Moldova Steel Works
- Company type: Joint stock
- Industry: Steel industry
- Founded: 1985
- Headquarters: Rîbnița
- Key people: Sergei Kornev (Director General)
- Products: Steel Steel products
- Number of employees: 4,000
- Website: www.aommz.com

= Moldova Steel Works =

Steel-producing company in the unrecognized state of Transnistria

Moldova Steel Works (Uzina Metalurgică Moldovenească; Молдавский металлургический завод) is a steel-producing company in Rîbnița, in the unrecognized state of Transnistria. It accounts for more than half of Transnistrian total industrial output.

Moldova Steel Works was founded in 1985 for reprocessing of scrap metal.
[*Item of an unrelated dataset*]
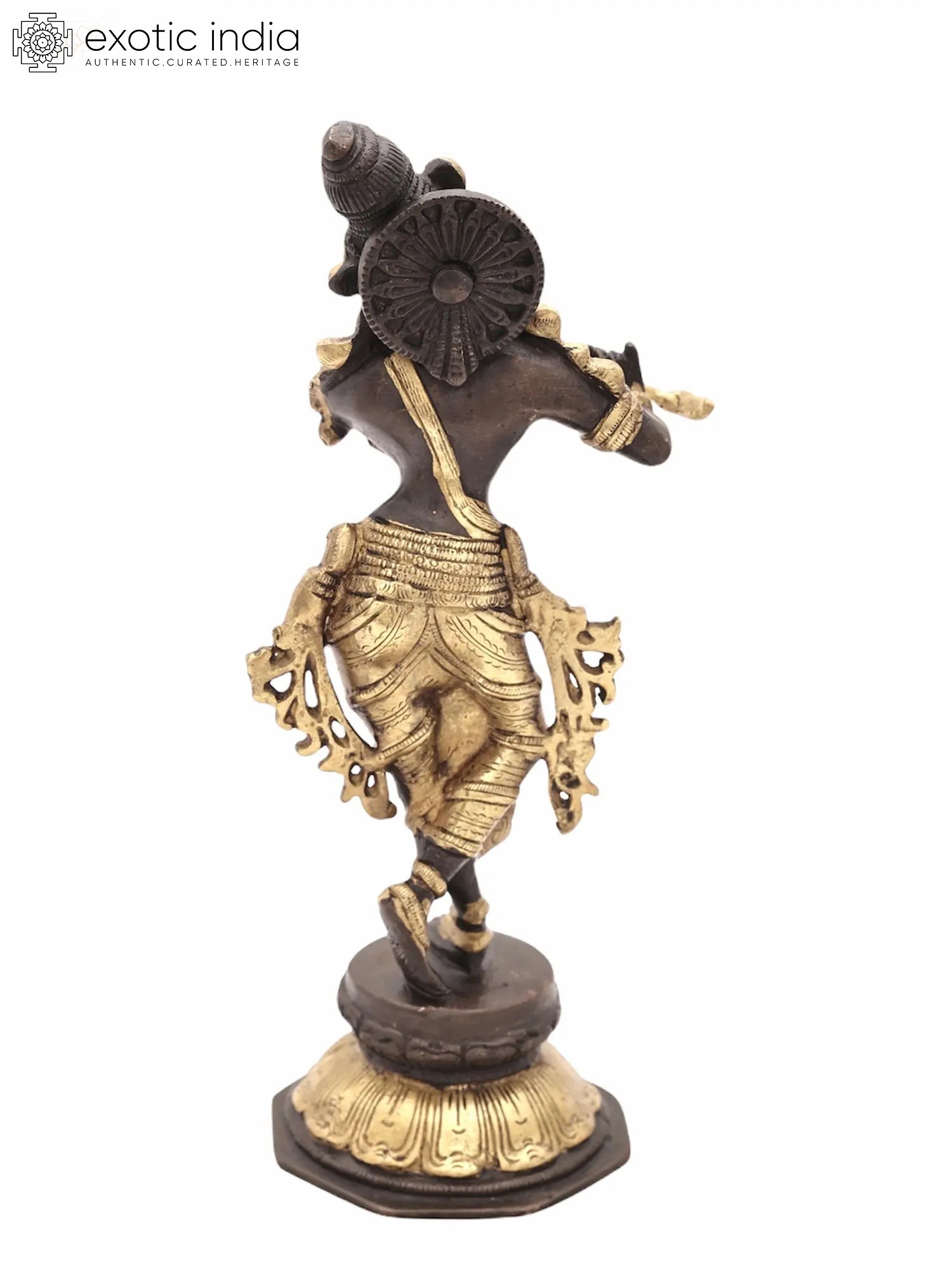 Here stands the Supreme Lord Krishna on a small upturned lotus pedestal in His most attractive three-fold bending form (tribhanga). Krishna is the source of all pleasure and also the cause of all causes. What to speak of His beautiful bodily features and wonderful activities in the land of Vraja that stole the hearts of all the inhabitants of Vrindavan. Although He is the Supreme Personality of Godhead, He appeared like an ordinary boy and all the damsels and cowherd boys loved to play with Him.

In 1998, majority of its shares was sold to Russian energy company Itera and 28.8% of shares was given to the employees of the company. Production peaked in 2000. In 2004, 90% of shares was acquired by "Austro-Ukrainian Hares Group" of Hares Youssef. Moldova Steel Works became owned by group of Russian–Ukrainian oligarchs, including in addition to Hares Youssef also Hryhoriy Surkis, Ihor Kolomoyskyi, Alisher Usmanov, Vadym Novynskyi and Rinat Akhmetov. Later the Russian company Metalloinvest, controlled by Alisher Usmanov and Vasily Anisimov, became owner of the company. In 2015, the ownership was returned to the Transnistrian authorities for a symbolic price.
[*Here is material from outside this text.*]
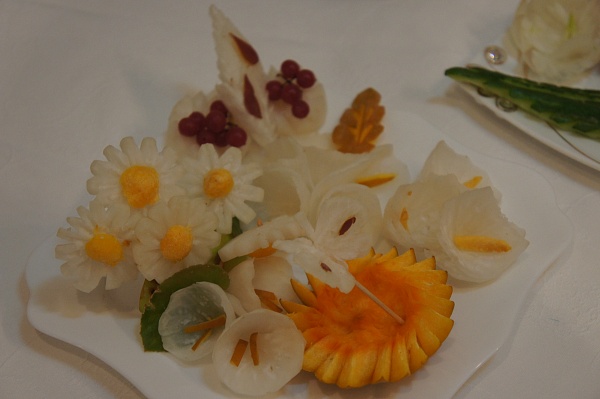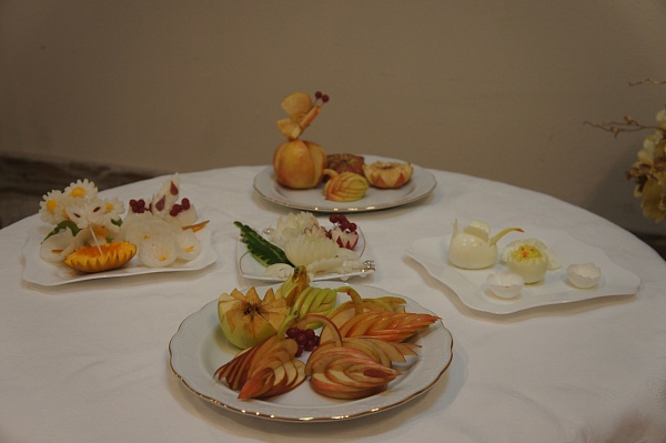 Студенты проявили искренний интерес к искусству карвинга. На выставке были представлены вырезанные из овощей цветы, композиции на темы «Осень», «Лебединая верность», «Любовь». Эти удивительные композиции произвели неизгладимое впечатление и все признали, что они украсят любой праздничный стол!

On 14 May 2018, the government of Ukraine included Moldova Steel Works in the list of sanctioned companies, but excluded it from the list on 19 March 2019 after a request by Moldovan Prime Minister Pavel Filip.
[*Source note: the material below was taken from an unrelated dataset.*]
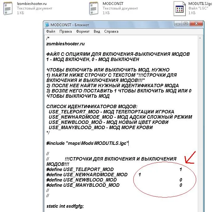 <каталог с игрой Zombie Shooter>/Maps/Mods/MODCONST.txt.

The initial annual production capacity of the company was 684,000 tonnes of crude steel and 500,000 tonnes of rolled products. Later the capacity was reported to be is around 1,000,000 tonnes of steel and 1,000,000 tonnes of rolled products. In 2018, it produced almost 502,900 tonnes of steel and 497,900 tonnes of rolled goods.